Who killed Osama bin Laden?  And who cares?

A retired Navy Seal, Robert O’Neill, recently came out and claimed that he was the one whose shots killed Osama bin Laden during the famous raid in Abbottabad, Pakistan in 2011.

O’Neill’s account of the raid contradicts statements made by a fellow Navy Seal, Matt Bissonnette, who wrote in his book No Easy Day that he was the shooter who killed bin Laden back in 2012.

The “official account” – aka “the government’s account” – is unlikely to be disclosed for several years.

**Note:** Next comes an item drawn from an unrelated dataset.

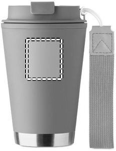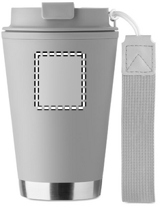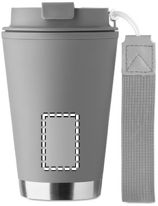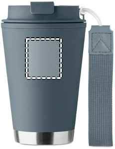 Dubbelväggig mugg med PP inner vägg, återvunnen PP yttervägg, återvunnen rostfri ståldetalj och RPET handledsrem. Kapacitet: 300 ml.

In fact, to date the Pentagon has neither confirmed nor denied details associated with either account.

Navy Seals Leadership has, however, publicly condemned O’Neill’s speaking out and many believe that it is impossible to confirm specific details such as who killed bin Laden given that the raid was conducted at night in close quarters.

And both claims have received a lot of criticism from veterans, the Pentagon, and the Public.  Much of which is well-deserved given that former military personnel generally adhere to a code of silence that prevents them from taking credit and speaking publicly about classified operations.

Conflicting Claims

Robert O’Neill, now 38 and retired after serving almost 17 years, said that he was the one whose two shots killed Osama bin Laden, according to the Washington Post.

O’Neill’s story was previously reported in Esquire magazine where he was identified only as “the Shooter.”  In those interviews, O’Neill reported that the point man, who was the first one to see bin Laden, shot and missed.  Then O’Neill fired two shots that killed Osama bin Laden.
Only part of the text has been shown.